- _Your assignment_
Copy out the data below from the line containing "Maxi Boho Dài" to the line containing "Carbide chains are", both lines included, with all images left out.

- _Supplied data_
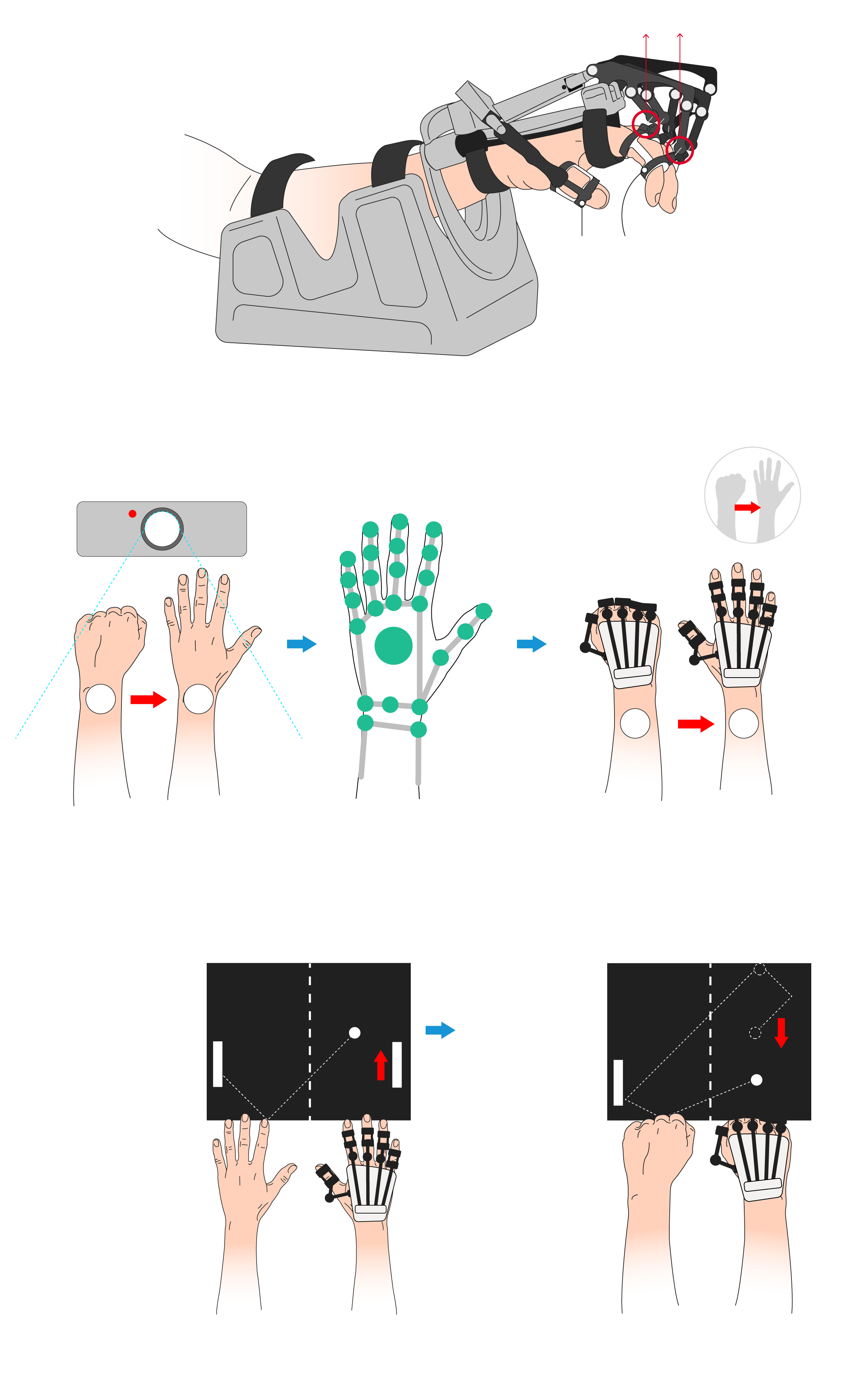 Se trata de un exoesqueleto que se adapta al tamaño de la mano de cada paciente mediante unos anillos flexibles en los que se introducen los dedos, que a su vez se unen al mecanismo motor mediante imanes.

...

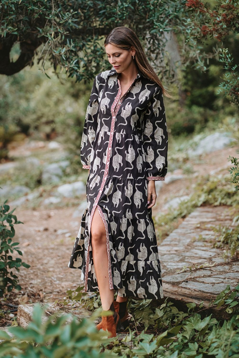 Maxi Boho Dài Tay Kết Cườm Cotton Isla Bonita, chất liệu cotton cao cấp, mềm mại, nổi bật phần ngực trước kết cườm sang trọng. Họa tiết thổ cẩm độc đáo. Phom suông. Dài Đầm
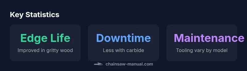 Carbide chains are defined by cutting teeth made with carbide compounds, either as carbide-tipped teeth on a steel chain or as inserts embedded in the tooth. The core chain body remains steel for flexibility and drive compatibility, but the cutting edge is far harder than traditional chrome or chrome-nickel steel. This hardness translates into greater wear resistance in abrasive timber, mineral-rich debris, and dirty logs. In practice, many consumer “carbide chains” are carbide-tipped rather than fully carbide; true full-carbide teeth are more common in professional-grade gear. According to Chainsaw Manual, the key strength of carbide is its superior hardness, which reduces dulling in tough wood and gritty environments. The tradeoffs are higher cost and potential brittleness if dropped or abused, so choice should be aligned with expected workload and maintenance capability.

- _Answer area_
 Maxi Boho Dài Tay Kết Cườm Cotton Isla Bonita, chất liệu cotton cao cấp, mềm mại, nổi bật phần ngực trước kết cườm sang trọng. Họa tiết thổ cẩm độc đáo. Phom suông. Dài Đầm
 Carbide chains are defined by cutting teeth made with carbide compounds, either as carbide-tipped teeth on a steel chain or as inserts embedded in the tooth. The core chain body remains steel for flexibility and drive compatibility, but the cutting edge is far harder than traditional chrome or chrome-nickel steel. This hardness translates into greater wear resistance in abrasive timber, mineral-rich debris, and dirty logs. In practice, many consumer “carbide chains” are carbide-tipped rather than fully carbide; true full-carbide teeth are more common in professional-grade gear. According to Chainsaw Manual, the key strength of carbide is its superior hardness, which reduces dulling in tough wood and gritty environments. The tradeoffs are higher cost and potential brittleness if dropped or abused, so choice should be aligned with expected workload and maintenance capability.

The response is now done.